[Editorial] No promoting NK
Seoul offers space to event disparaging South; Mayor congratulates
By Korea HeraldPublished : July 16, 2018 - 16:57
The Seoul Metropolitan Government provided leftist civic groups with a venue for a joint event where some participants echoed North Korea’s arguments and effectively advocated its nuclear weapons. The Seoul mayor even delivered a congratulatory address.
The groups ran a contest of opinions on the April 27 South and North Korean Summit, and the award ceremony took place in the municipal government building on July 7. In the ceremony, prize winners presented their works. Most of the winners were in their teens and 20s.
Some winning works disparaged modern Korean history, publicized the North Korean view of history, promoted the North Korean regime blindly and denounced the US.
It is unbelievable that this kind of event took place in none other than the Seoul City Hall in the capital of the nation.
A prize-winning essay argued that “the division of Korea into South and North and dictatorship in South Korea which lasted from Presidents Syngman Rhee to Chun Doo-hwan stemmed from the monopoly of South Korean state affairs by the US and traitors.”
“North Korean leader Kim Jong-un said (in the summit) that the North and the South must be united back again because they are from one blood, use the same language and share one culture. That is the Korean unification I have thought of,” the essay said.
A prize-winning video by two middle school students lists advantages of Korean unification, and among them is North Korea’s nuclear weapons, which will make a unified Korea a nuclear state.
One cannot but be struck dumb at the group’s audacity of selecting this ill-guided view as a prize winner.
What situation are we in now?
The international community has been trying to get rid of North Korea’s nuclear weapons, which threaten the survival of South Korea.
Seoul Mayor Park Won-soon, on an overseas business trip at the time, sent his congratulations in a video message, saying, “I am very pleased that the meaningful event was held in the Seoul City Hall.”

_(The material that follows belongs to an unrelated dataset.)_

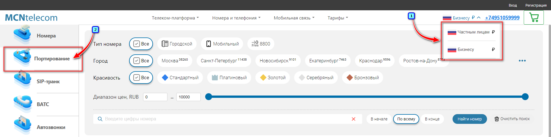 1. Для портирования перейдите на витрину по ссылке shop.mcn.ru.
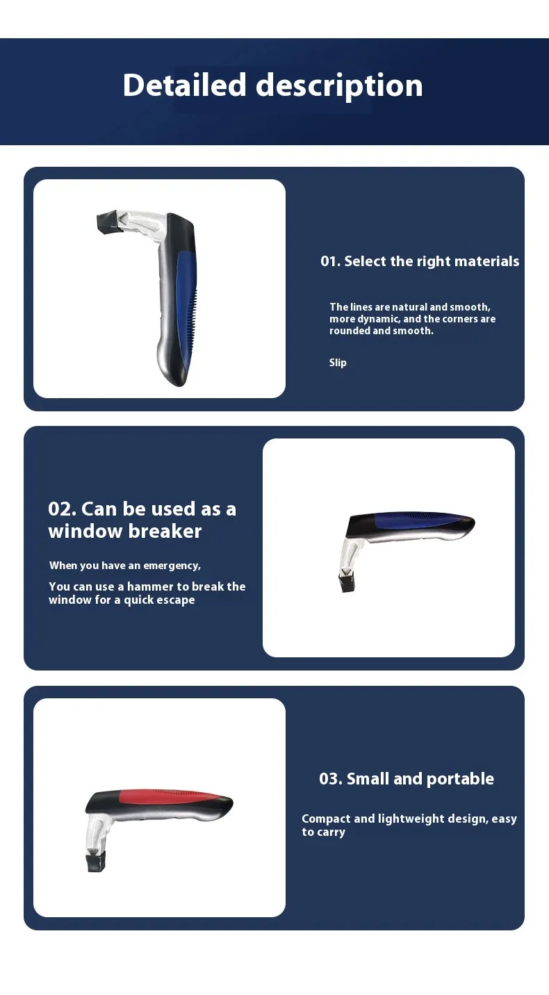 - Portable grip can double up as an “Accident Emergency Tool”. It has a built-in seat belt cutter and hammer feature to break glass in case of emergencies.

Organizers of the contest are pro-North Korean groups that claim on the surface that they promote Korean unification through South-North exchanges and cooperation.
Peaceium, a civic group that cited the prize winning works, held a lecture by Shin Eun-mi, a pro-Pyongyang Korean-American author, in 2015. Its board includes Hwang Seon, who gave birth in Pyongyang after entering the North in 2005 illegally. Hwang was sentenced to six months in prison in 2016 for violating the National Security Law by promoting the North Korean regime.
Another co-host, a coalition of progressive university students, demonstrated in front of the US Embassy in Seoul two months ago calling for the suspension of all US-Korea military exercises.
The municipal government reportedly said it had offered space to the groups because it thought the event was not political and that Mayor Park sent a congratulatory message because its purpose seemed to be well intentioned.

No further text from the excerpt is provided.